Backstage, Gia Miller interviewed Impact Tag Team Champions Ace Austin and Chris Bey and asked them about the Machine Guns and Aussie Open having wins over them. Bey said they didn’t care about the past. He said they are the top tag team in pro wrestling. Austin said the Guns probably had a lot of early losses that people have forgotten. Austin said that he and Bey also suffered early losses, but they needed them and their tour of Japan to grow…

Powell’s POV: Good mic work with strong logic behind Bey and Austin blowing off their early losses. I’m beyond over the Bullet Club, but I really like these guys as a team (and as singles wrestlers for that matter).

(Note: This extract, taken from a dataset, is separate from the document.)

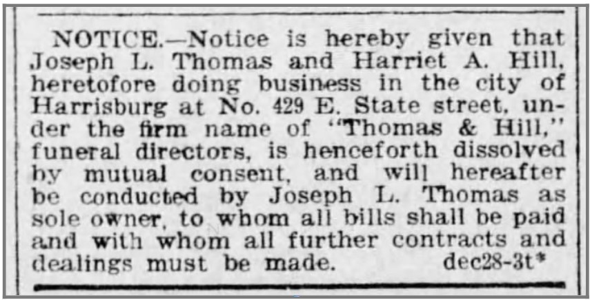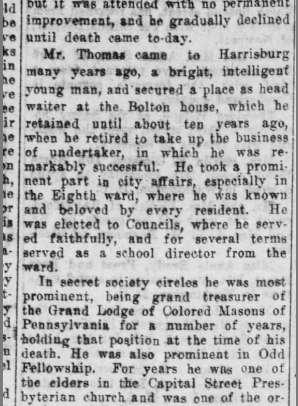 Connection to the Old Eighth Ward: Resident; funeral services for Eighth Ward and elsewhere in Harrisburg; enumerated the population for the federal census.

5. “ABC” Ace Austin and Chris Bey vs. “Aussie Open” Mark Davis and Kyle Fletcher vs. “TMDK” Bad Dude Tito and Shane Haste vs. “Motor City Machine Guns” Alex Shelley and Chris Sabin in a four-way for the Impact Tag Team Titles. The Guns jumped out to a fast start and set up for their Skull and Bones finisher, but TMDK broke it up.

Late in the match, Austin and Bey got Fletcher on the ropes, but Davis returned to the ring and slammed both opponents from the middle rope to the mat. Aussie Open hit a Pendulum Slam on Bey and Fletcher covered him for a good near fall. Aussie Open set up for their finisher on Bey, but Austin returned to break it up. The Guns also returned and hit one of their great flurries of offense on Fletcher. They went after Davis, who put them down with a clothesline. Davis followed up with another double clothesline on Austin and Bey.

Haste returned and went after Davis, but Fletcher joined his partner. Tito returned and knocked Fletcher off the ropes. Haste performed a big dive onto Davis on the floor. Tito performed a TKO style move on Bey for a two count. Austin and Bey took out Haste with a double superkick. Bey hit a cutter on Tito and then Austin followed up with The Fold on Tito and pinned him…

“ABC” Ace Austin and Chris Bey defeated “Aussie Open” Mark Davis and Kyle Fletcher, “TMDK” Bad Dude Tito and Shane Haste, and “Motor City Machine Guns” Alex Shelley and Chris Sabin in 13:30 in a four-way to retain the Impact Tag Team Titles.

Powell’s POV: With all these teams going at it at once, I just opted to sit back and enjoy the action rather than even attempt to keep up with all that insanity. This was fun and the right team went over given that Austin and Bey are new champions. I haven’t seen much of Haste and Tito. They took the loss, but I like them as a team. Aussie Open is terrific, and the Guns are absolute tag team legends.

An ad aired featuring Mick Foley inviting people to watch DessleMania on Saturday. He said he would be joined by Mickie James, Lisa Marie Varon, and SoCal Val. He said they’d be telling stories and the money would go to a children’s charity…

6. Kushida vs. Lio Rush. Kushida went for an early Hoverboard Lock, but Rush reached the ropes to avoid it. Kushida continued to target the arm of Rush to set up for the move. Rush used his quickness and put Kushida down with a couple of nice kicks. Things got tense between the two and they traded shoves. Kushida followed Rush into the ropes and hit him with a handspring kick.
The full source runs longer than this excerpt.